Fathom: The Source for Online Learning  
 
Help About Us Course Directory
Browse Fathom


 
 
 
Unlocking Cryptography
From: Columbia University | By: Deane Yang

EDITOR'S INTRODUCTION | Ever send an encrypted e-mail to a friend? Or wonder why your credit-card number on Amazon.com is actually safe? Deane Yang, professor of mathematics at Polytechnic University and a former postdoctoral associate at Columbia University, investigates the ins and outs of electronic security--the codes that place virtual walls around our most trusted information. The surprise: The success of one of the most sophisticated tools in use today relies on the basic arithmetic you learned in grade school.


ou're an aspiring evil genius looking for a way to take over the world, steal a lot of money, or just create a lot of havoc. What's the easiest way to do this with a minimum of bloodshed?


Figure out how to factor a number really quickly.


You might remember learning about factoring numbers back in elementary school. Factoring a number is like multiplication in reverse. For example, to factor a number--say, 105--just find two smaller numbers that create 105 when you multiply them together.


Here, it's not hard to see that: 105 = 5 x 21. The numbers 5 and 21 are called factors. To factor a number completely, factor each of the factors and keep going until you can't go any further. Here, you can factor 21 as 3 x 7, so 105 = 3 x 5 x 7.


None of the factors--3, 5 and 7--can be factored into smaller whole numbers. They are called primes, numbers that can't be factored into anything other than one and the number itself. The expression 3 x 5 x 7 is called the prime factorization of the number 105.


Now, suppose you found a way to factor, say, 200-digit numbers quickly. What could you do then?


First, you would be able to decrypt virtually any secure message transmitted on the Internet, including credit-card numbers, banking records, tax returns, health care records, and stock market transactions. Further, you could gain access to the secure networks of banks, government agencies and brokerage firms.

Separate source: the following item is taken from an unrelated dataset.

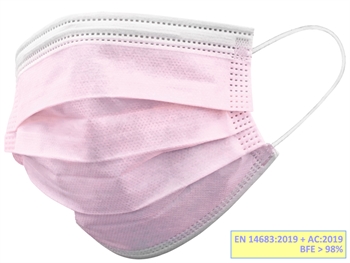 MASCHERINE FILTRANTI 98% A 3 VELI – TIPO IIR con elastici• Modello per adulti• Scatola da 50• Colore: rosaMascherine chirurgiche leggere e confortevoli adatte

Public key cryptography demonstration.
These and similar systems safeguard their transactions through mathematically based systems of cryptography. The most commonly used system is public key cryptography, which works on the principle that although it might be easy to find the factors of a small number such as 105, it is virtually impossible to find the prime factors of very large numbers that have, say, a few hundred digits.

What is cryptography?

Cryptography is the science and art of encrypting a message so that no one can read it except the intended recipient. Cryptanalysis is the science and art of trying to defeat a cryptographic system, so that you can read encrypted messages that were not intended for you. The two fields together comprise the field of cryptology.


At first sight, encrypting a message does not seem very hard to do. You meet with your fellow collaborator and agree on a procedure for jumbling your messages. One of the simplest methods is to replace each letter of the alphabet with another letter or number.


For example, you agree in advance that each letter of the alphabet will be replaced by the letter that follows: "A" will be replaced by the letter "B," the letter "B" by the letter "C" and so on. Using this method, the message "MEET ME TOMORROW" becomes "NFFU NF UPNPSSPX" when encrypted.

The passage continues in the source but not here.